Task item | The response should repeat word for word every line below from the one with "#社交ダンス #ダンス衣装 #トップス" to the one with "Opis: Oryginalny gołąb", inclusive, and nothing else; leave pictures out.

Excerpted data |
═══

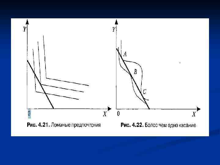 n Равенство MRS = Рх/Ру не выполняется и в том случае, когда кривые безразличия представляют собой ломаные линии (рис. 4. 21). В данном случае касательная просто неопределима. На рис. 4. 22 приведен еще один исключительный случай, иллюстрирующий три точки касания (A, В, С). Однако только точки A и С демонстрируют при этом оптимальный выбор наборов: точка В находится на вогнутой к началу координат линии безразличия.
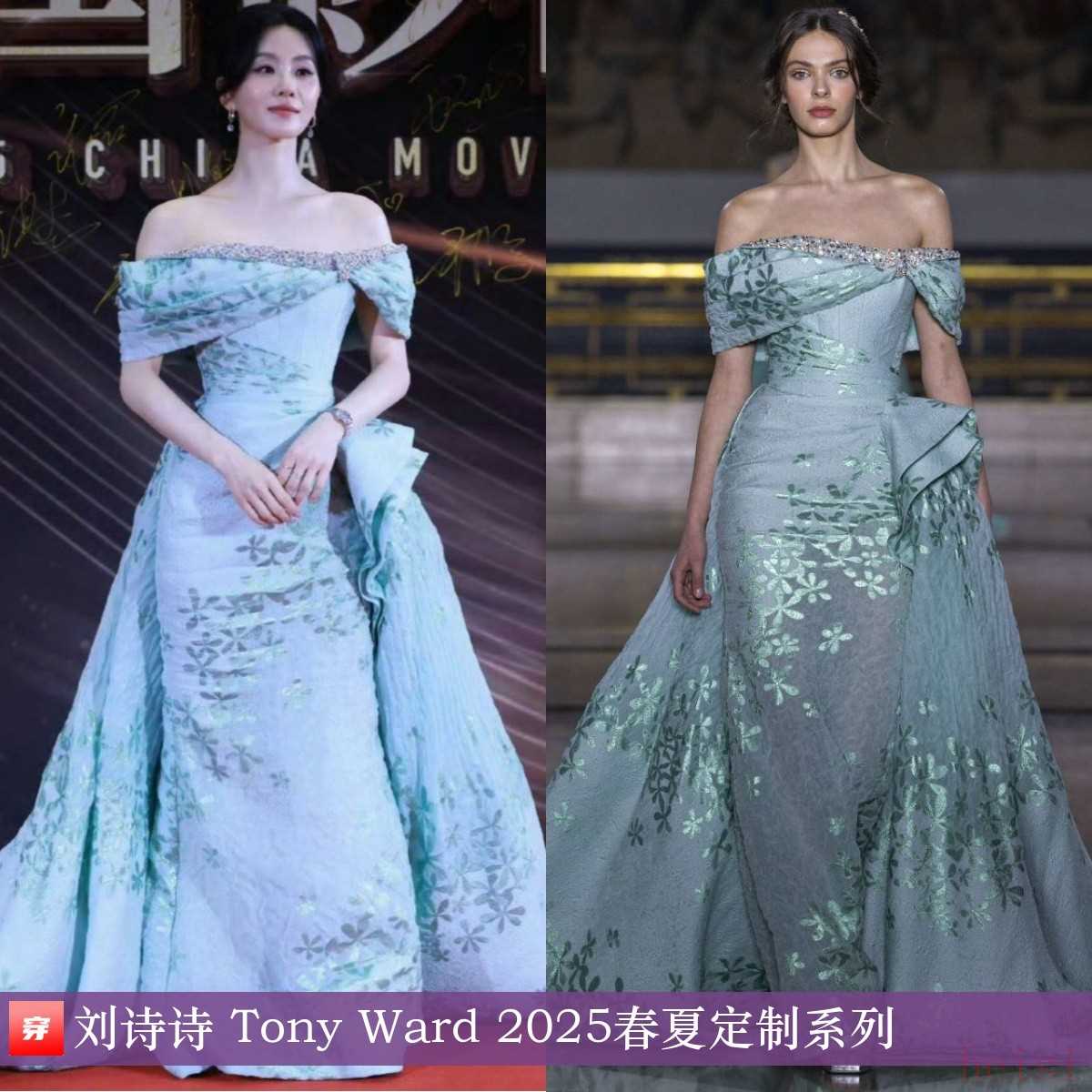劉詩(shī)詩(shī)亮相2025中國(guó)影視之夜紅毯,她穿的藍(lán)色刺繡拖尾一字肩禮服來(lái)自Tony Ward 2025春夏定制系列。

═══

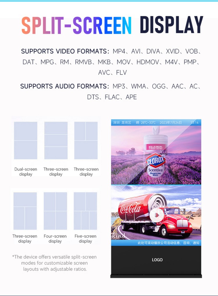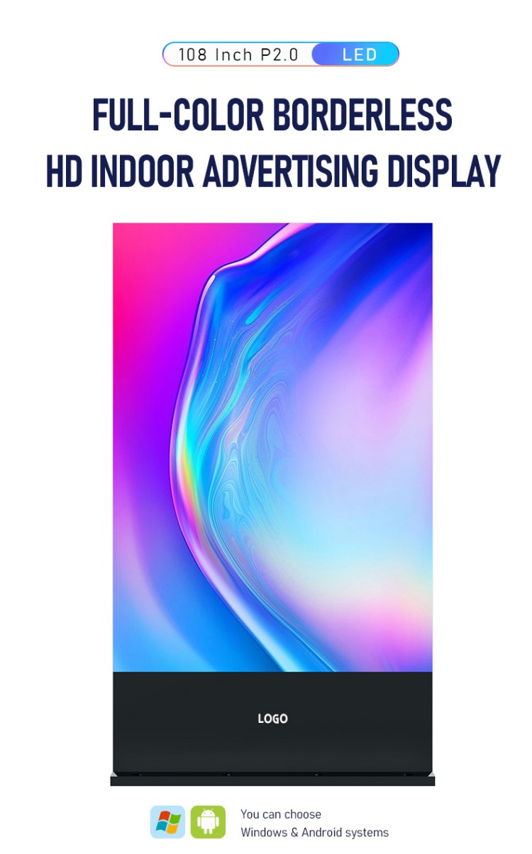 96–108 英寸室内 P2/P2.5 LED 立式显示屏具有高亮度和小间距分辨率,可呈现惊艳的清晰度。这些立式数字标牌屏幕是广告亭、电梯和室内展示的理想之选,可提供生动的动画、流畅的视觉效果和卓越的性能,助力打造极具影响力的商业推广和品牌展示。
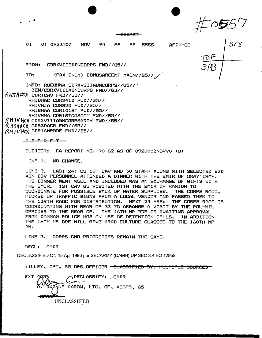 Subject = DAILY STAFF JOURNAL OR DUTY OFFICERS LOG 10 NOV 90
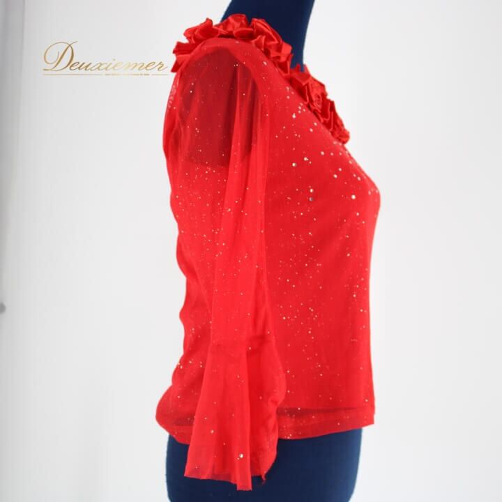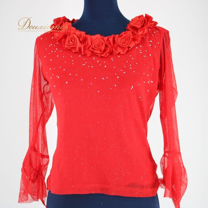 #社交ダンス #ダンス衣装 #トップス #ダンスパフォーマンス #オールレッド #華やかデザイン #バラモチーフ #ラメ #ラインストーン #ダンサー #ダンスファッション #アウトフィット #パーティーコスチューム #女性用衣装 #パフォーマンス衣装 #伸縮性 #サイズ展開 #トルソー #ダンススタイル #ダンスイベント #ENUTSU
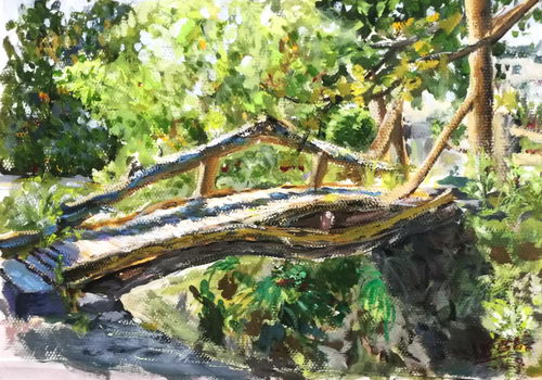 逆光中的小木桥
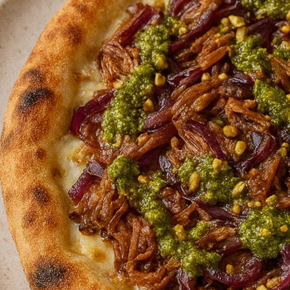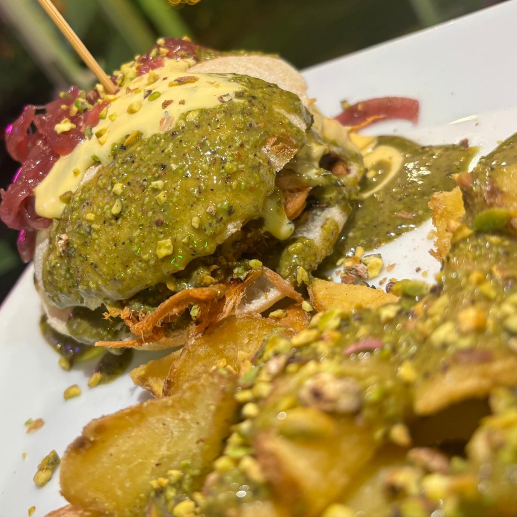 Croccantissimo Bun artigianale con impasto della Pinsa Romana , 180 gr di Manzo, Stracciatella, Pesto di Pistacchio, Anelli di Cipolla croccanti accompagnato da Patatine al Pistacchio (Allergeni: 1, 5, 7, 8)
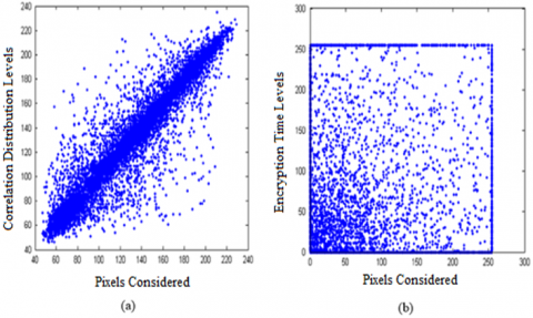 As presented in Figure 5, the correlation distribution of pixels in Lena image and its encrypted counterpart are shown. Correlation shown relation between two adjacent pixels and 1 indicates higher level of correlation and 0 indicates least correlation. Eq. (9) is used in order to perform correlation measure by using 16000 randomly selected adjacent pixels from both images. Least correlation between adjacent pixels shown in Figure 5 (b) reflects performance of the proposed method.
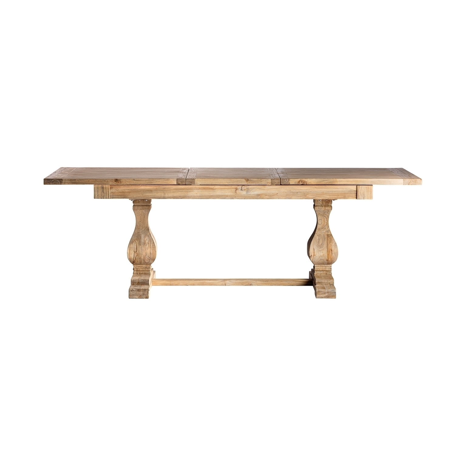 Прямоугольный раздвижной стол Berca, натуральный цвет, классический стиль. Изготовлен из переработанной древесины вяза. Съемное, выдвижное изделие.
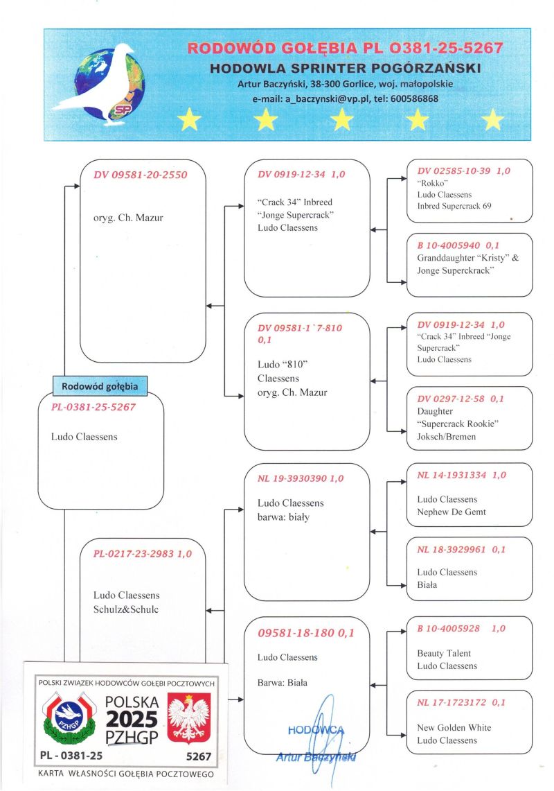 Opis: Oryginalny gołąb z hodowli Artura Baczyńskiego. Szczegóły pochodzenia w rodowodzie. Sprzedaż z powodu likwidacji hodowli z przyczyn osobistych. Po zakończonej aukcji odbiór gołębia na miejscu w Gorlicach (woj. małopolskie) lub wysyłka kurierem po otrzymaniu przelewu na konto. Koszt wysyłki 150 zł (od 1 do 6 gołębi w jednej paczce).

═══

Result |
 #社交ダンス #ダンス衣装 #トップス #ダンスパフォーマンス #オールレッド #華やかデザイン #バラモチーフ #ラメ #ラインストーン #ダンサー #ダンスファッション #アウトフィット #パーティーコスチューム #女性用衣装 #パフォーマンス衣装 #伸縮性 #サイズ展開 #トルソー #ダンススタイル #ダンスイベント #ENUTSU
 逆光中的小木桥
 Croccantissimo Bun artigianale con impasto della Pinsa Romana , 180 gr di Manzo, Stracciatella, Pesto di Pistacchio, Anelli di Cipolla croccanti accompagnato da Patatine al Pistacchio (Allergeni: 1, 5, 7, 8)
 As presented in Figure 5, the correlation distribution of pixels in Lena image and its encrypted counterpart are shown. Correlation shown relation between two adjacent pixels and 1 indicates higher level of correlation and 0 indicates least correlation. Eq. (9) is used in order to perform correlation measure by using 16000 randomly selected adjacent pixels from both images. Least correlation between adjacent pixels shown in Figure 5 (b) reflects performance of the proposed method.
 Прямоугольный раздвижной стол Berca, натуральный цвет, классический стиль. Изготовлен из переработанной древесины вяза. Съемное, выдвижное изделие.
 Opis: Oryginalny gołąb z hodowli Artura Baczyńskiego. Szczegóły pochodzenia w rodowodzie. Sprzedaż z powodu likwidacji hodowli z przyczyn osobistych. Po zakończonej aukcji odbiór gołębia na miejscu w Gorlicach (woj. małopolskie) lub wysyłka kurierem po otrzymaniu przelewu na konto. Koszt wysyłki 150 zł (od 1 do 6 gołębi w jednej paczce).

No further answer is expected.